Hanno così deciso di mettere alla prova 13 ciclisti agonistici (8 uomini e 5 donne) per capire se questa scelta può essere effettivamente utile. Ebbene, nessuno degli sportivi seguiti ha ottenuto risultati migliori o peggiori modificando l'alimentazione. Con o senza glutine, il rendimento "sul campo" è rimasto stabile. E anche lo stato infiammatorio del loro intestino (il primo organo a essere colpito dalla celiachia) non ha subito alcun cambiamento. Lo studio, pubblicato sul Journal of the American College of Sport Medicine e sul magazine Running Competition


NON SEI CELIACO, NON RINUNCIARE ALLA PASTA

«Le diete "senza" (il glutine, il lattosio, le uova) hanno senso solo se c'è un problema di salute reale, accertato con esami riconosciuti dalla letteratura scientifica internazionale», afferma il dottor Michelangelo Giampietro, specialista in scienza dell'alimentazione e in medicina dello sport. «Togliere a priori, sulla base di un’autoanalisi o dell’esito di test non validati, non solo non serve ma può portare allo sviluppo di un disturbo del comportamento alimentare come l'ortoressia (mangio solo ciò che ritengo sano).

La questione va semmai posta in termini di nutrienti: carboidrati, proteine, grassi. Le fonti possono essere diverse, quello che conta è rispettare le quantità adeguate.

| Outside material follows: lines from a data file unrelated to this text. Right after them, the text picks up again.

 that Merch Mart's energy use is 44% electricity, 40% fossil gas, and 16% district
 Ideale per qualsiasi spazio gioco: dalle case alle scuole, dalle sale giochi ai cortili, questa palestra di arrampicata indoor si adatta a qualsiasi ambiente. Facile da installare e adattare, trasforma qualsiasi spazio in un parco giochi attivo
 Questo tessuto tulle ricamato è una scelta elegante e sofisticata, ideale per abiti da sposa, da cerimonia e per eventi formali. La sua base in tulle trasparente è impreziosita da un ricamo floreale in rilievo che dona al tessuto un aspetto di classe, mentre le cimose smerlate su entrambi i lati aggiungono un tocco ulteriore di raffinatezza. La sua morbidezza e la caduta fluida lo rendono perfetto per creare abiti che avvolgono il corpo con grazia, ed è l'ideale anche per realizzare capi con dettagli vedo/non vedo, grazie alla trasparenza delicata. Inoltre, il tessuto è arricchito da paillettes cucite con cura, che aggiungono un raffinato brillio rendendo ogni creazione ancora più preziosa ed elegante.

Negli atleti il fabbisogno lipidico è sempre di circa 1,1 g per kg di peso corporeo (come dire: 55 g se sei 50 kg, 66 g se arrivi a 60, 77 g se raggiungi i 70). L'apporto proteico può invece passare da 1,2 a un massimo di 2 g per kg in base al tipo di attività: sarà maggiore, per esempio, per chi fa sollevamento pesi o lancio del disco, minore per chi pratica una disciplina aerobica (nuoto, corsa, pattinaggio). Ma quella che cambia maggiormente, nella dieta di uno sportivo, è la quota di carboidrati», puntualizza il nostro esperto. «A determinarla sono sia la durata dello sforzo, sia la sua intensità. Più queste due variabili aumentano, più cresce il bisogno di zuccheri complessi. Basti pensare che mentre a uno “sportivo della domenica”, che nel resto della settimana si muove poco o niente, ne bastano 2 g per kg di peso corporeo, le necessità, per un maratoneta, possono arrivare a 5 volte tanto: 10 g. Che poi questi carboidrati provengano dalla pasta (che contiene il glutine) o dal riso (che ne è privo) per l'organismo non fa differenza: li utilizza nello stesso identico modo.

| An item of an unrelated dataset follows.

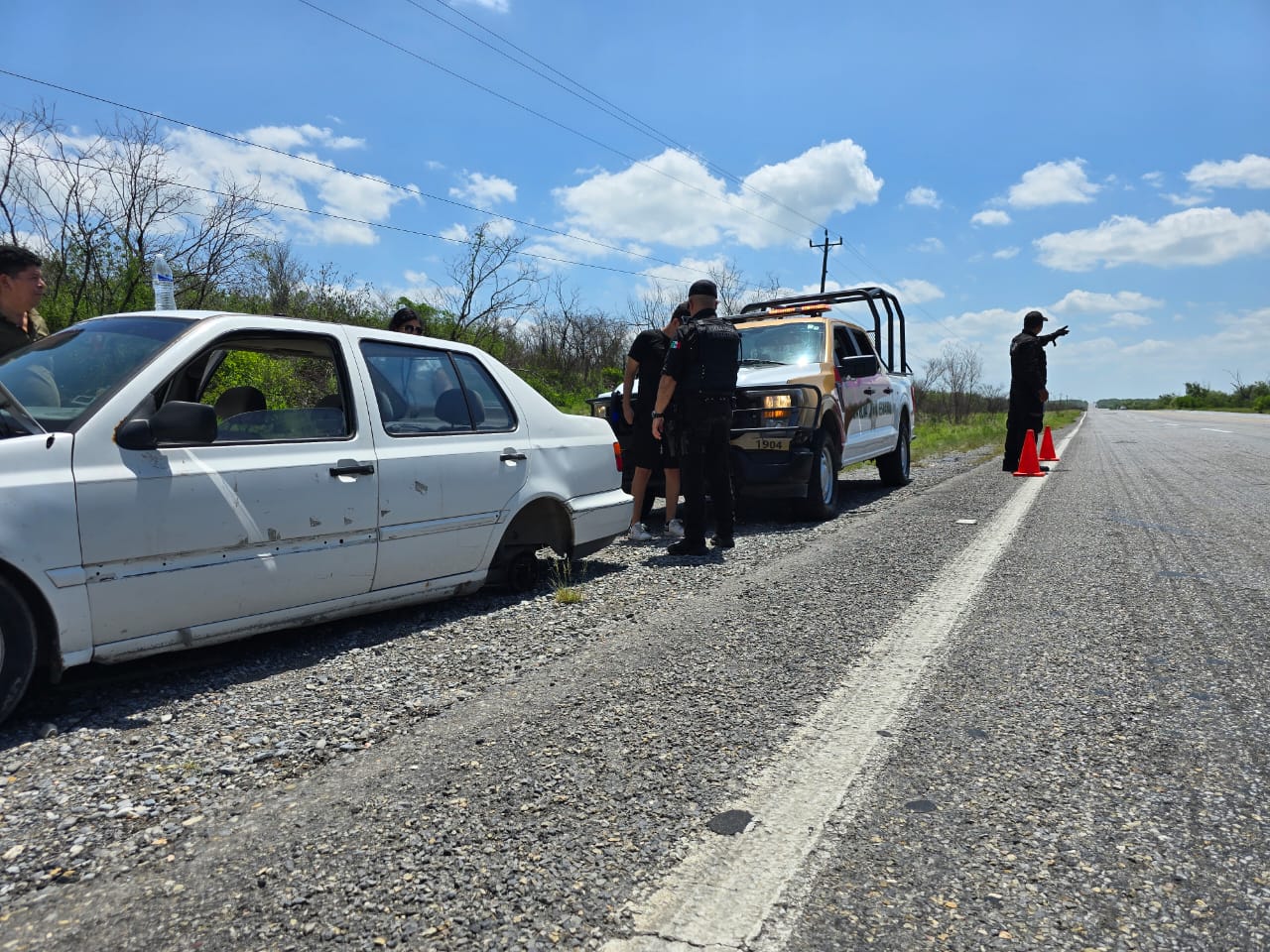 Padilla, Tamaulipas.- En atención a un reporte de C4 personal de la Guardia Estatal de Apoyo Carretero comisionado a la Estación Segura Vicente Norte acudió al kilómetro 67 de la Carretera Federal 101 Victoria-Matamoros.

OCCHIO ALLE MODE E ALLA PUBBLICITA'

Nel sito di un'azienda che produce pasta di mais una nutrizionista scrive che i prodotti sono «totalmente privi di glutine e, grazie alla loro leggerezza e alta digeribilità, costituiscono una carta vincente non solo per gli sportivi celiaci ma per tutti coloro che praticano sport a livello amatoriale o agonistico». In particolare, vengono considerati «un ottimo supporto all'impegno metabolico del ciclista in allenamento e in gara». Affermazione oggi decisamente smentita dai risultati dello studio australiano.

«Questo non significa che chi non ama il frumento debba per forza inserirlo nei suoi menu», chiarisce il dottor Giampietro. «I gusti vanno rispettati, altrimenti una dieta finirebbe per non essere seguita. Sono anche disposto a concedere che se un atleta è convinto di non digerire bene il glutine possa evitare di portarlo in tavola. Ma solo a una condizione: che non pensi, con questa esclusione, di ottenere risultati migliori (né in termini agonisti né di salute)».